Darüber hinaus wurden auch die
Einstellungen zur Erwerbstätigkeit von Vätern erfasst. Die Mehrheit der
befragten Männer und Frauen spricht sich hier für eine Vollzeiterwerbstätigkeit
aus. Ist das jüngste Kind in der fiktiven Konstellation zwei Jahre alt, findet
eine Teilzeiterwerbstätigkeit von Vätern zwar durchaus noch Zustimmung – ab
einem Alter von vier Jahren aber nicht mehr. Frauen befürworten zudem eher als
die Männer selbst eine Teilzeitbeschäftigung von Vätern.
Diese Erwartungen erfüllen Väter vollumfänglich. Väter von kleinen Kindern mit einer Vollzeitstelle arbeiten durchschnittlich 44 Stunden pro Woche. Und die Ausgangsfrage lässt sich momentan leider nur mit ‚NEIN‘ beantworten.

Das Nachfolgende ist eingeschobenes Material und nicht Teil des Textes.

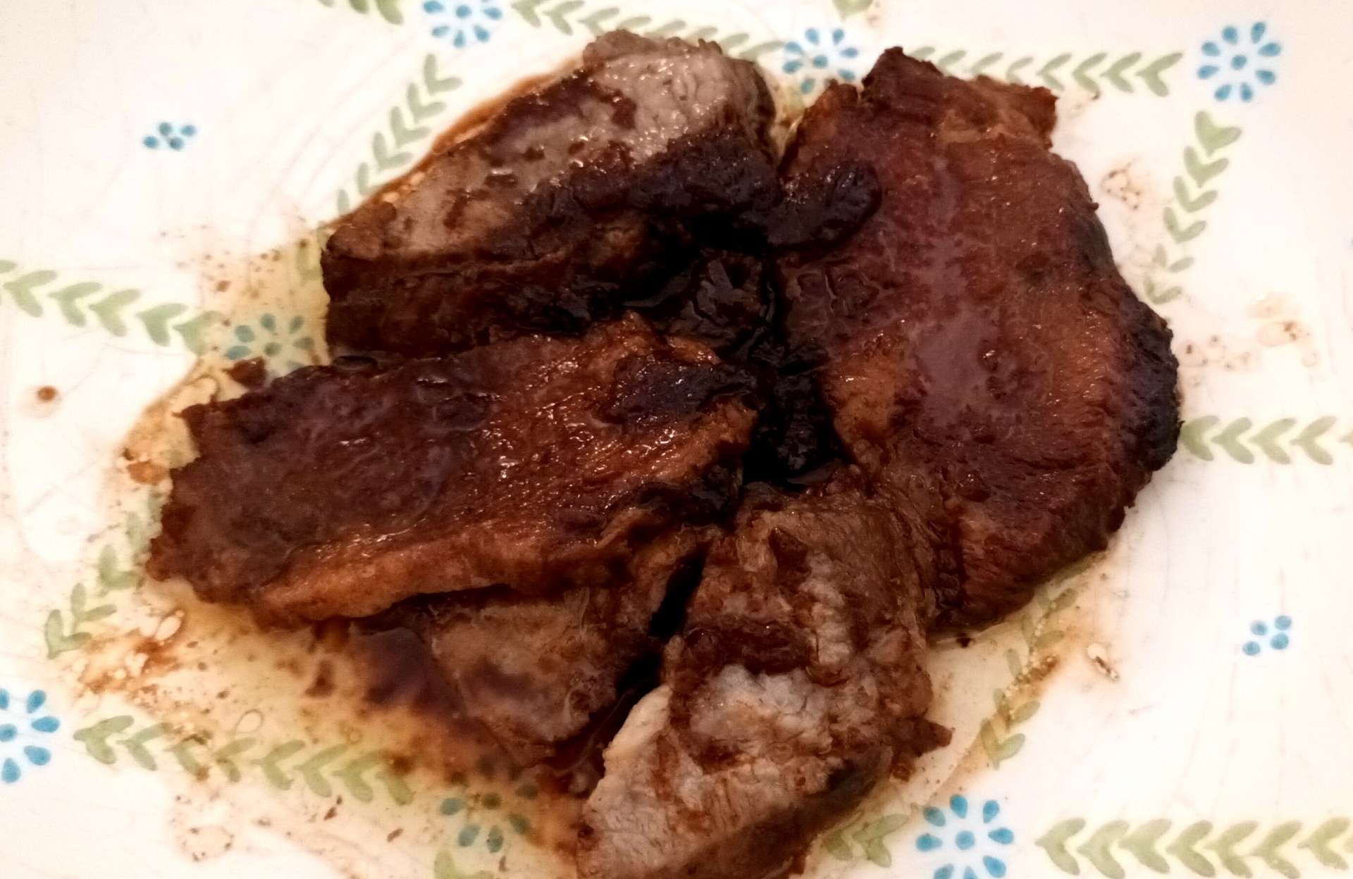 Ponemos la carne en la olla y la doramos por ambos lados, echamos sal, el vino y un poco de agua, que la cubra. Dejamos que se haga, unos 15 minutos, con el fuego al 7. Cuando la olla se pueda abrir comprobamos que está tierna. La dejamos enfriar y la cortamos en rodajas.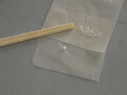 理科の「ものの溶け方」の学習で,ミョウバンの結晶を作っています。2mmほどの種結晶を苦労して釣り糸に結び付けました。大きく育つか楽しみです。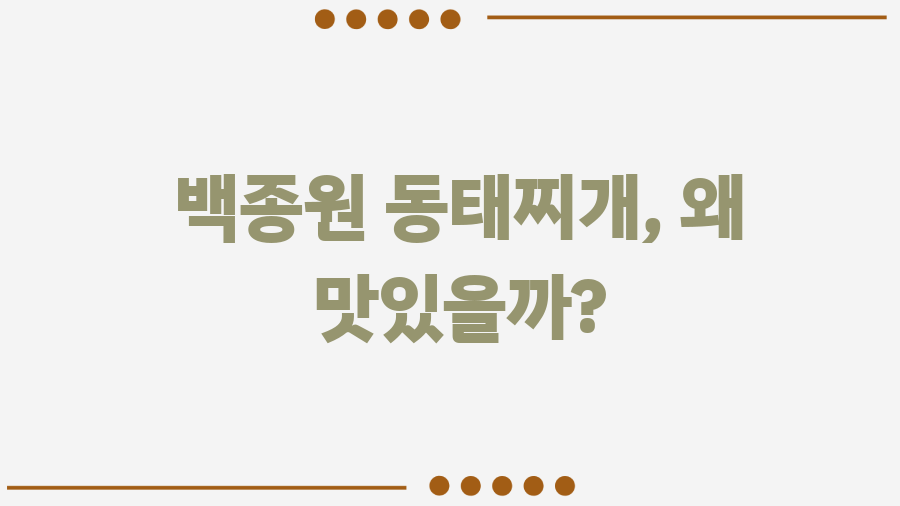 백종원 동태찌개, 더욱 맛있게 즐기는 꿀팁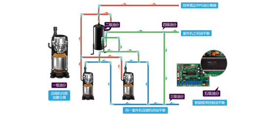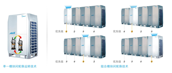 系統(tǒng)根據(jù)系統(tǒng)負荷情況,輪換設置優(yōu)先開啟的室外機模塊的壓縮機順序,平衡分配每臺室外機模塊的運行時間,大大提高了機組的可靠性和使用壽命。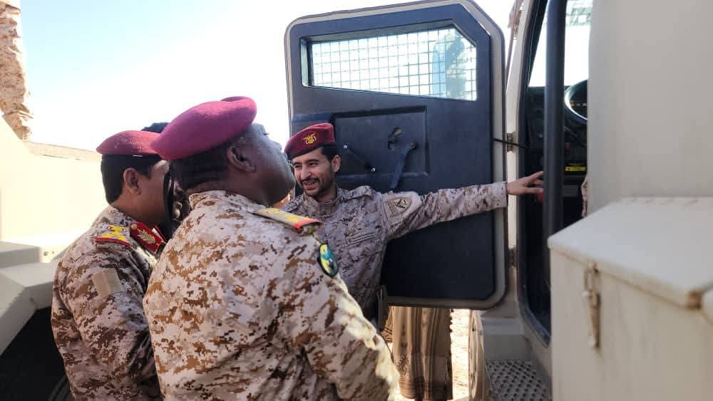 تفقد رئيس عمليات القيادة العامة لقوات حماية حضرموت، العميد الركن لطفي مهدي يادين، اليوم، جاهزية قوة الدعم اللوجستي بمعسكرها في منطقة نحب بمديرية غيل بن يمين، وذلك في زيارة ميدانية رافقه خلالها قائد اللواء الأول العميد الركن الجويد سالمين بارشيد، للاطلاع على مستوى الجاهزية القتالية والانضباط العسكري للقوة.

Väter wollen mehr Zeit mit ihren Kindern verbringen und
Frauen finden Karriere besser als Kinder
„Wenn wir über Frauen nachdenken, kommen wir immer mehr von
einem ‚Und‘ zu einem ‚Oder‘. Die Wahl: Familie oder Erwerbstätigkeit.“ So Jutta
Allmendinger
Frauen in Deutschland ist es nicht mehr so wichtig, Kinder
zu bekommen. Das ist nachvollziehbar und legitim – zeichnet sich bei näherer
Betrachtung jedoch als unfreiwillige und dramatische Entwicklung ab. Beim ZEIT
für Arbeit-Event am 23. Mai in Berlin haben Jutta Allmendinger, Präsidentin des
Wissenschaftszentrums Berlin für Sozialforschung (WZB), und Lena Hipp,
Leiterin der Forschungsgruppe „Arbeit und Fürsorge“ am WZB, die Ergebnisse der
vierten Vermächtnisstudie vorgestellt.
Fragen zur Einschätzung von Vätern in Deutschland wurde 2023
erstmals erhoben. Bei den Antworten fällt auf, dass Väter Kritik an sich selbst
äußern: Väter sollten in Zukunft mehr Zeit mit ihren Kindern verbringen, als sie
es heute tun. Wer mehr arbeitet (Vollzeit im Vergleich zu Teilzeit oder nicht
arbeitstätig), stimmt der Aussage, dass er genügend Zeit mit der Familie
verbringt, weniger zu. Die befragten Väter reflektieren also, dass mehr Arbeit
weniger Zeit für die Familie bedeutet.
Sie wünschen
sich für die Zukunft mehr Zeit in der Familie und gehen auch davon aus, dass
Väter in Deutschland mehr Zeit mit ihren Kindern verbringen werden, als sie es
heute tun.
Hürden für Väter
Woran liegt es, dass Männer in Deutschland nicht genügend
Zeit mit ihren Kindern verbringen? Auch dazu wurden die Studienteilnehmerinnen
und -teilnehmer befragt. Auf einer Skala von 1 bis 7 sollten sie angeben,
welche Gründe ihrer Meinung nach Väter davon abhalten, mehr Zeit mit ihren
Kindern zu verbringen. Nachstehend werden die gewichteten Antworten von rund
2.160 Frauen und 2.040 Männern auf diese Frage abgebildet.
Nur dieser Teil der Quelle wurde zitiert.